Visual China Drops After Firm Pressures Photographer to Pay for Using His Own Shots(Yicai) Aug. 16 -- Visual China Group’s shares sank as the country’s largest stock photo company found itself mired in controversy again after a photographer claimed the firm was pursuing him for compensation over the use of his own photos.
Visual China [SHE: 000681] closed down 4.9 percent at CNY16.43 (USD2.25) a share today. The wider Shenzhen market fell almost 1 percent.
The blogger said on social media yesterday that he had received a phone call from Visual China saying his use of 173 of their photos on his WeChat account infringed the firm’s rights. The company also said he had to pay compensation of CNY80,000 (USD10,960).
But the man said he had taken all of the pictures himself and had never authorized Visual China to use them.
The Beijing-based company responded yesterday evening, saying the blogger had authorized Stocktrek Images to sell the photos and they were then licensed to Getty Images. Visual China, as the partner of Getty Images in the Chinese mainland, thereby owns the right to sell the photos, it said.

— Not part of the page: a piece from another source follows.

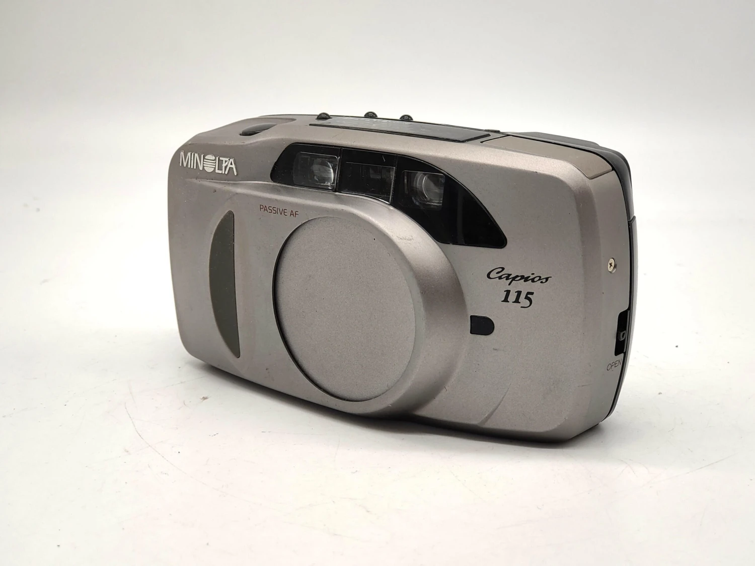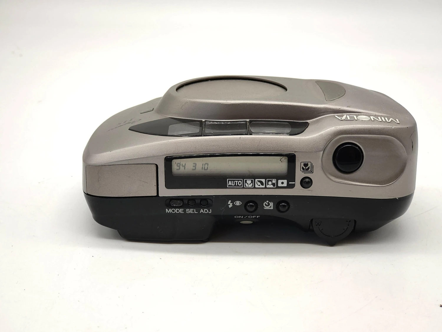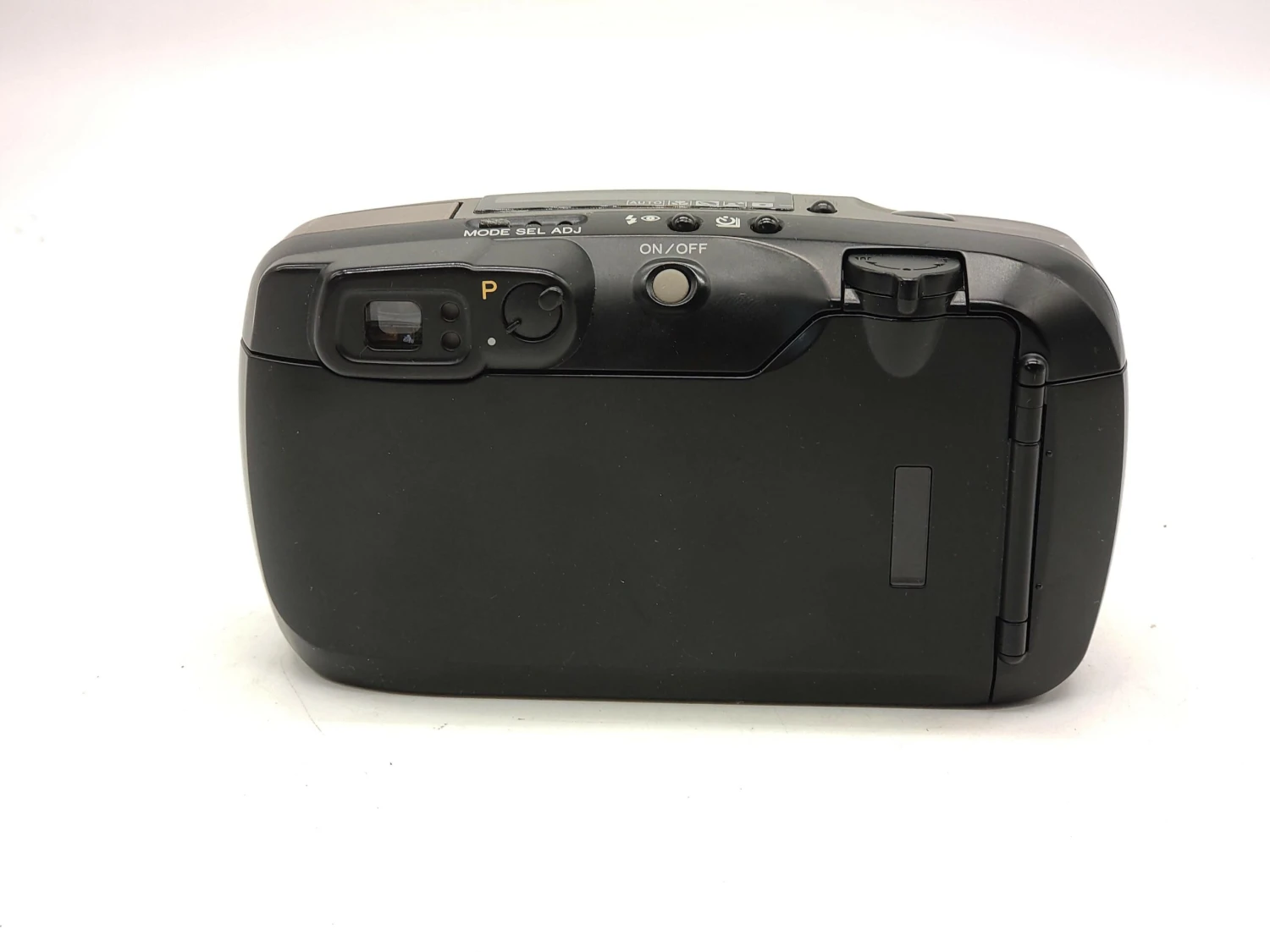 Has an LCD screen on top displaying the film counter, flash mode and battery status and a row of buttons for the camera controls.

Legal sources told Yicai that the right to sell the photos is not equivalent to the right to all relevant rights and interests. As a result, even though Visual China does own the selling rights to the pictures, it does not mean the company has the right to claim compensation from the original photographer.
This is not the first time that Visual China has been involved in a copyright dispute. Back in April 2019, debate raged online after the firm added its copyright watermark to the first images ever taken of a black hole by the European Southern Observatory. People complained about company abusing copyrights and making profits through excessive guarding of rights.
After that incident, Visual China took down its website for a month and removed all the controversial images.
Last month, the company said it expected first-half net profit to have soared 89 percent from a year earlier to CNY103.5 million (USD14.2 million). The audited results for the six-month period are scheduled for release on Aug. 18.